An open-label trial of duloxetine in patients with irritable bowel syndrome and comorbid generalized anxiety disorder

Objective. Irritable bowel syndrome (IBS) is commonly comorbid with generalized anxiety disorder (GAD). We evaluated whether duloxetine would lead to improvement in symptoms and quality of life in patients with both conditions. Method. A 12-week, open-label trial of duloxetine was conducted in 13 subjects with IBS and GAD. The primary outcome measure was the Clinical Global Impression (CGI) Scale.
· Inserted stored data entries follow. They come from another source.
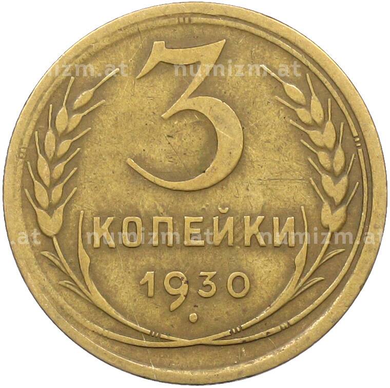 Монета 3 копейки 1930 года (Артикул: K12-78572): подробные характеристики, качественные фотографии в высоком разрешении, низкая цена.
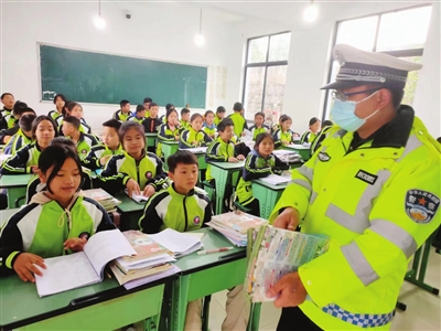 为进一步增强学生道路交通安全意识,提高学生防范危险的能力,近日,仁怀市学孔镇组织交警党员志愿者到林阁中学开展道路交通安全知识宣传活动。 (王光敏 摄)
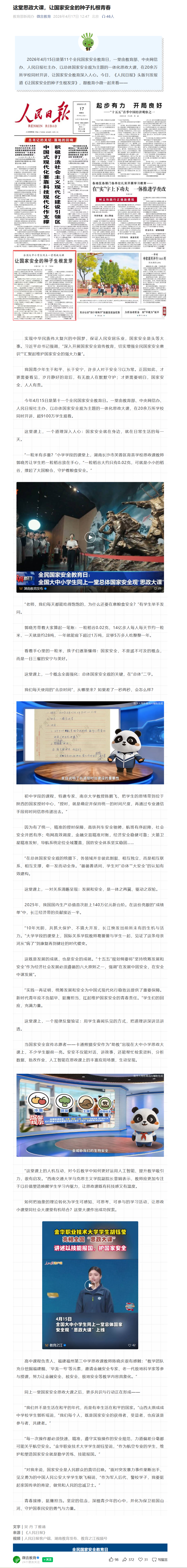 微言教育:这堂思政大课,让国家安全的种子扎根青春
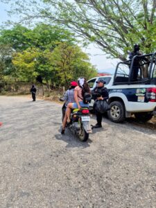 Durante estas acciones, también se instaló un puesto de atención e interacción ciudadana en el crucero de Jiquimilla, donde se realizaron inspecciones preventivas de carácter visual a personas, vehículos y motocicletas, siempre con apego a los protocolos de actuación policial.
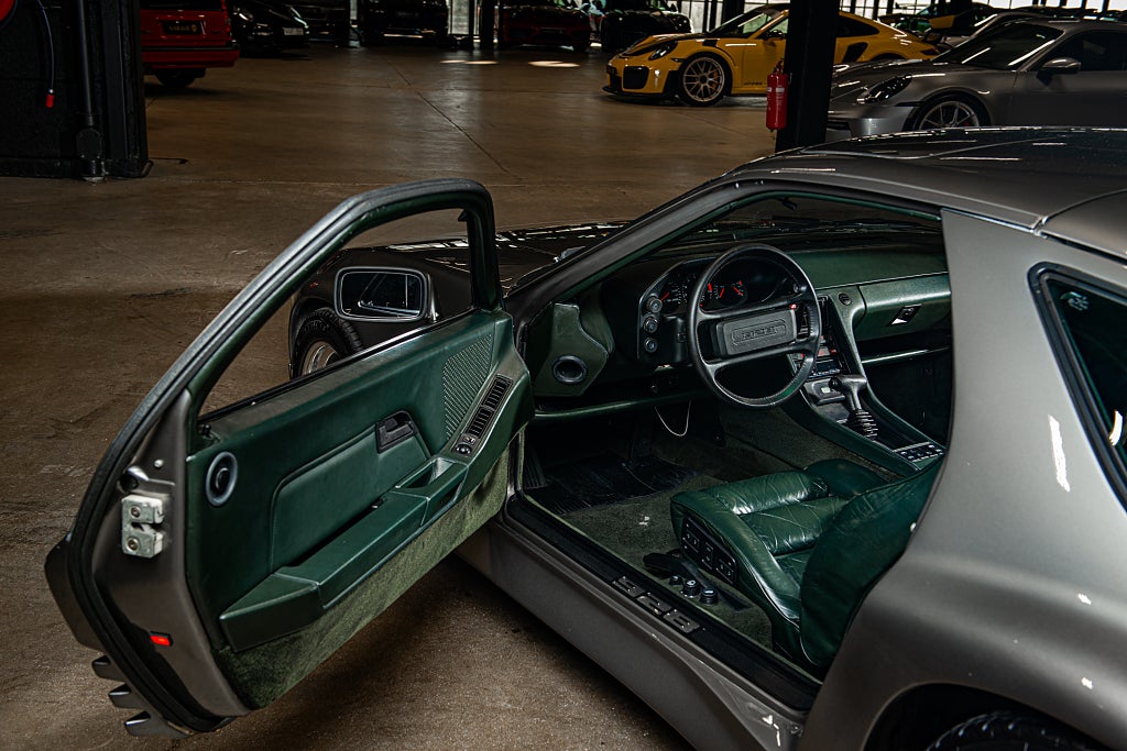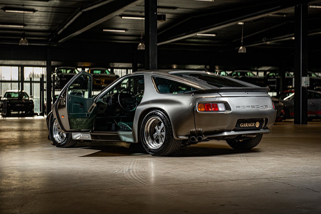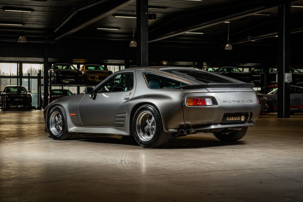 När Porsche lanserade 928 i slutet av 70-talet så var det som en banbrytande GT vagn som i stort helt saknade motstycke i marknaden. Stor. Bred och med en fantastisk V8 under huven så erbjöd den nya bilen en helt omatchad körupplevelse väl paketerad i något som i tid såg ut som ett rymdskepp. Och det måste väl ändå vara så att det är en bil som inte kunde se vildare ut? eller? Nja. Inte alla som håller med visar det sig. Året är 1982 och i ett litet pittoreskt samhälle vid namn 'Utting am Ammersee' strax väster om München startar ett litet med ack så betydelsefullt företag upp. Företagets grundare Vittorio sätter sitt efternamn på bolaget och Strosek är grundat. Strosek tillsammans med en rad liknande företag så som exempelvis Koenig fokuserar tidigt på att erbjuda uppgraderings paket till just Porsche 928. Både mekaniskt men framför allt visuellt. Och visuellt blev det. På bästa tänkbara 80-tals sätt. Stroseks kit erbjöds i tre nivåer till 928. Denna bil bär nivå 3 vilket i praktiken innebär en ganska så påtaglig breddning både över fram och bakaxel. Nosen har fått en mer framtonad splitter och en ny uppsättning lampor. Sidoprofilen domineras av sina tidstypiska 'side-strakes' som på tidigt 80-tal var ett populärt sätt att modifiera en bils utseende och som idag på ett underbart sätt poängterar bilens era. Den breda karossen vilar idag på en uppsättning special anpassade Fuchs fälgar som är skodda i tidsenliga Michelin däck för att bibehålla looken utan att kompromissa på prestandan. Bakpartiet känns i stort igen från bilen som står till grund med sitt distinkta avgassystem som går tvärt ut baktill på förarsidan. Det är liksom som att hjärnan på något sätt kopplar av efter man har tagit in helheten. Ungefär som om hjärnan hinner normalisera det abnormala. Det är ungefär i denna stund man gör bäst i att öppna dörren för att få nästa rus. Ibland så tas man av en detalj i inredningen. Kanske en insteglist eller något liknande. Inte i detta fallet. När man öppnar förardörren så slås man av en helläder inredning i mörkgrönt. En underbar och i tid självklar kombination tillsammans med den grå silvriga exteriören. Här inne känner vi igen 928 med sin förarmiljö helt anpassad för lång färd i hög fart. Instrumenthuset som följer rattstången när denne justeras. eller varför inte solskydd...för baksätet! Det är inte alltid men ibland var det bättre förr. Ett underbart välbevarat exemplar av tysk tuning historia när det är som allra bäst. 12076 mil med böcker och nycklar såklart men även med en pärm med dokumentation som följer bilens underhåll. Maskinellt så kvarstår bilens 310hk från fabrik. Ett drivpaket som är perfekt anpassat för ändamålet och i ett lika bra skick som resten av bilen. För fler unika objekt besök gärna vår hemsida. www.garage-11.se

Secondary measures included the Hamilton Anxiety Rating Scale, IBS Quality of Life (IBS-QOL) Scale, and IBS Symptom Severity Scale (IBS-SSS). Results. Repeated measures ANOVA was used to examine the effect of treatment with duloxetine on ratings of anxiety and IBS. Significant improvement was observed on the CGI-Improvement (F = 14.19, df = 1,12, p < 0.001) and Severity scales (F = 16.16, df = 1,12, p < 0.001). Secondary measures revealed significant reduction in symptoms of anxiety (F = 11.66, df = 1,12, p < 0.01), eta(2)(p) = 0.56, and IBS-SSS (F = 6.05, df = 1,12, p < 0.001), eta(2)(p) = 0.34, in addition to IBS-QOL improvements (F = 11.66, df = 1,12, p < 0.01), eta(2)(p) = 0.56. Conclusion. Results of this pilot study support the efficacious use of duloxetine in comorbid IBS and GAD. Participants reported significant reductions in IBS components, as well as improvement in GAD.